Bash, tmux, and jq. That’s the entire dependency list. It supports Claude, Codex, and opencode as backends. Config is maxRounds: 10, maxRepairCount: 3. It’s elegant in the way that good shell scripts are elegant — minimal surface area, clear contracts, no dependencies you don’t control.

The Reddit post announcing it landed on r/ClaudeAI the same day. People are excited, and they should be. AutoGAN takes a pattern that Anthropic described in prose and makes it something you can git clone and run. That’s real engineering.

I’m not being diplomatic when I say this is good work. It is good work. The GAN pattern addresses real problems: goal drift during long sessions, premature implementation before adequate planning, insufficient self-critique, and context loss over extended coding sessions.

And yet.

What Happens After the Sprint?

Here’s the question I keep coming back to.

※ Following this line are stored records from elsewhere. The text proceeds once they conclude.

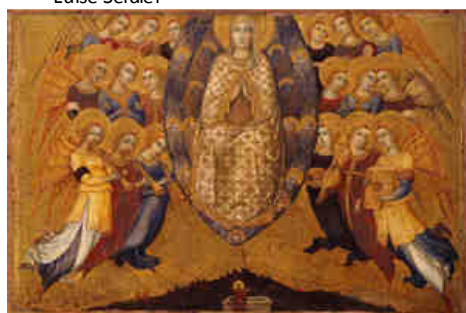
F - L'Ascensione della Vergine Sano di Pietro
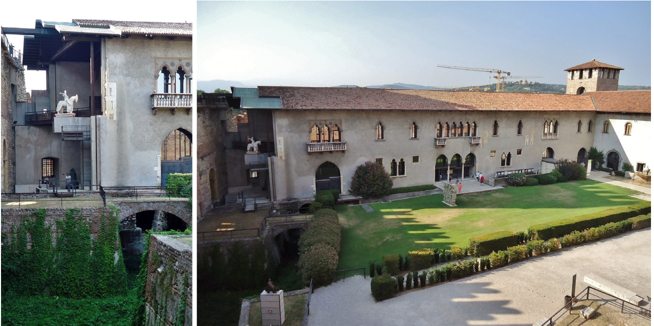
Figura 8 – Ala napoleônica, com a composição falsa de aberturas e o novo arremate.

(D'anniballe, 2010, p. 76). As torres foram recompostas de modo semelhante a Viollet-le-Duc, e a fachada da ala napoleônica recebeu a atual composição simétrica de aberturas variadas, utilizando molduras góticas de pedra das construções destruídas pela grande enchente de 1882 (Figura 8). Bombardeado em 1945, o edifício teve a última configuração reconstituída após a guerra, sendo respeitada de modo predominante por Scarpa, confirmando sua postura favorável à preservação dos diversos momentos das obras e conjuntos, passível de ser definida eclética: outra medida seria um erro maior. Entretanto, uma série de lacunas na estrutura, necessidades técnicas e funcionais da renovação e oportunidades plásticas diferenciam esta intervenção da anterior, resultando na inserção de acréscimos e a remoção de partes de diferentes épocas.
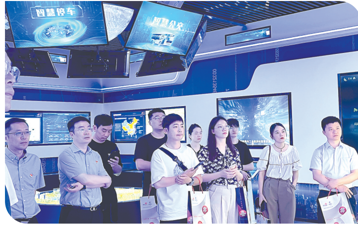
盐城联通国企开放日创新业务展厅现场
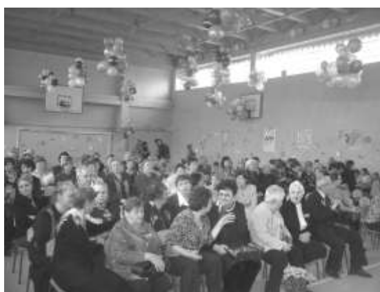
в зале – анилаг
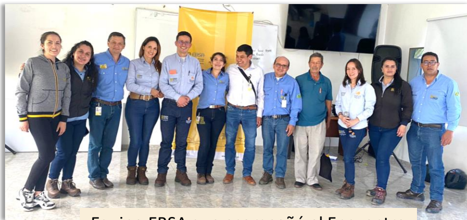
Equipo EBSA que acompañó el Encuentro

El Director de Zona Oriente se puso a disposición para seguir trabajando de la mano con los electricistas de la región por la seguridad y el bienestar de los usuarios.
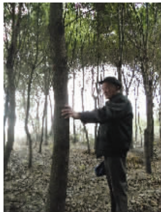
老人抚摸着亲手和老伴栽培的香樟树,流露出不舍
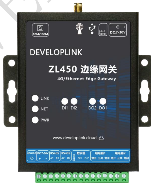
图 3 RTU 实物图
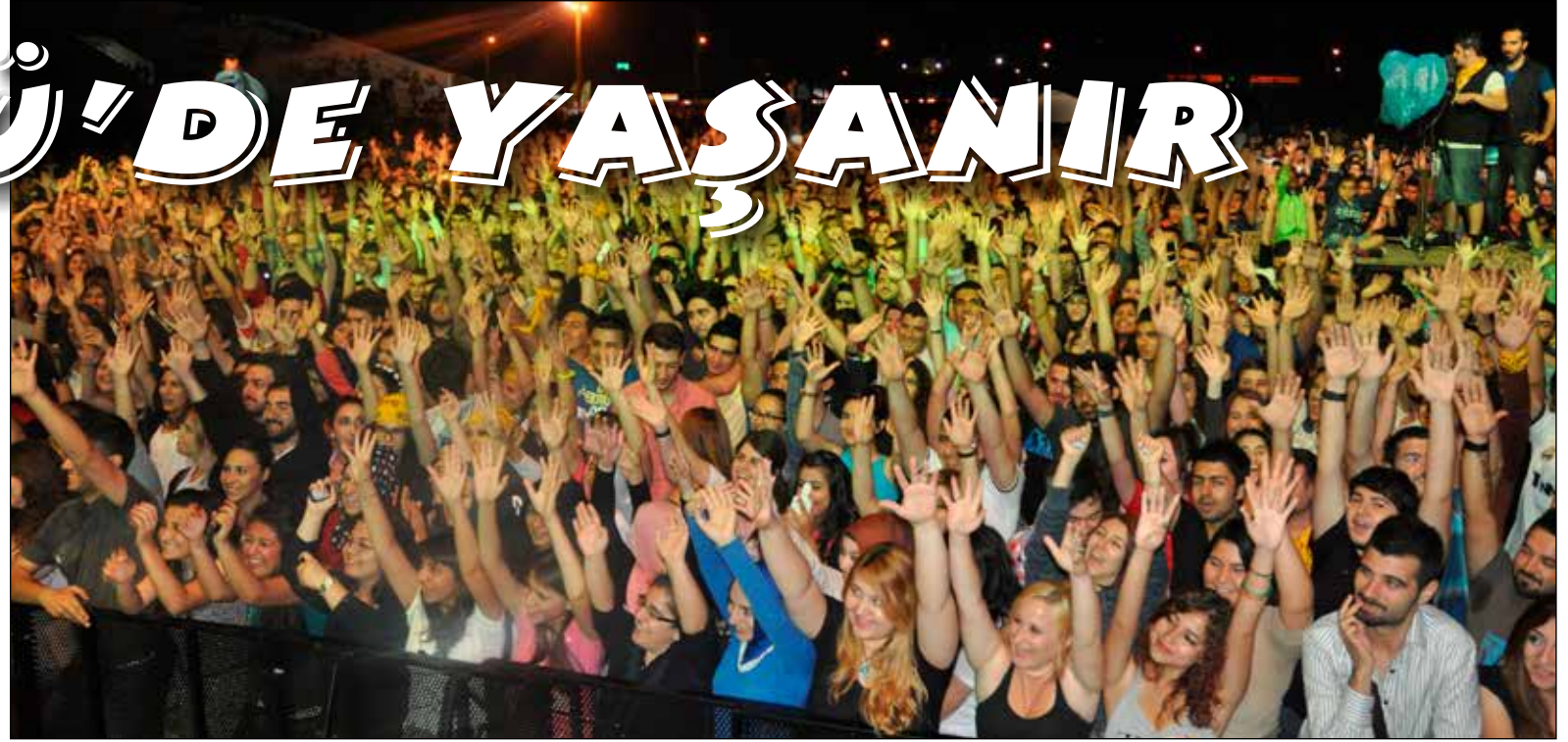
Öğrenciler konserlerle coştı
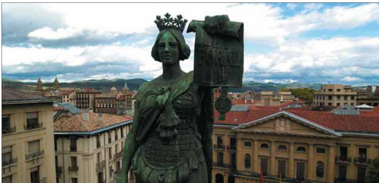
Imagen del Monumento a Los Fueros. Al fondo el Palacio de Navarra, sede del Gobierno de Navarra.

Comunidad con mayor renta per capita que la media estatal facilita una mayor recaudación con una teórica menor presión fiscal (algo por otra imposible según el vigente Convenio).
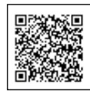
詳しくは市ホームページ

令和7年4月以降に申請した場合は、申請した翌月分から拡充分を支給します。申請が遅れた月分の児童手当は支給できませんの早めに申請してください。
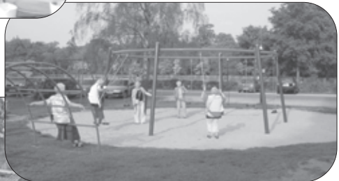
Schommelen in de speeltuin

The evaluator passes the sprint. The code ships. The project is done. Now what? Does the system remember why it passed? Does it remember what the evaluator caught on sprint 3 that was similar to something it caught on sprint 7? Does the next project benefit from what this one learned?

No. The GAN harness is a loop. A very good loop. But when the loop ends, everything it learned during execution — the evaluator’s tuned skepticism, the patterns it caught, the sprint contracts that worked — lives in flat files and conversation history. None of it transfers. None of it compounds.

Anthropic’s article is honest about this. They describe how evaluator tuning “required multiple development cycles” where the initial evaluator “identified issues then rationalized approval anyway.” They had to explicitly train skepticism through prompt refinement and feedback loops. That tuning lives in the prompt. It doesn’t adapt based on what the evaluator actually catches in production. If the evaluator discovers a new class of bug on Tuesday, the prompt is the same on Wednesday unless a human updates it.

The sprint contract pattern is similarly static. Generator and evaluator agree on “done” criteria before each sprint — specific deliverables, testable success conditions, validation approach. This is good engineering. It’s also a handshake that evaporates when the session ends. The next project doesn’t know what kinds of sprint contracts worked well and which ones were too vague to be useful.

Context management is the most telling piece. They describe a real evolution: Sonnet 4.5 required context resets between sessions due to “context anxiety” — the model prematurely wrapping up work near perceived context limits. Opus 4.6 handles continuous sessions with automatic compaction. That’s genuine model improvement. But compaction is lossy. The context gets shorter. Decisions made in turn 3 may not survive to turn 300. The harness manages this by structuring work into sprints, but within each sprint, you’re still relying on volatile context that degrades over time.

I wrote about this problem last week, using a different frame. The LLM is a stateless executor — the most capable one ever built, and the most unfinished. A CPU on a table. The GAN harness is carefully routed jumper cables connecting that CPU to something resembling a workflow. It works. It produces better results than the bare CPU alone. But it’s scaffolding around a machine that still has no persistent memory, no typed storage, no ability to learn from its own execution history.

The GAN pattern is a brilliant hack around the consequences of statelessness. It is not a solution to statelessness itself.

The Persistence Gap

Let me be specific about what I mean by “statelessness” here, because the GAN harness does maintain state during execution. The .gan/ directory holds contracts, reviews, state files. Information flows between agents via files. This is real coordination state.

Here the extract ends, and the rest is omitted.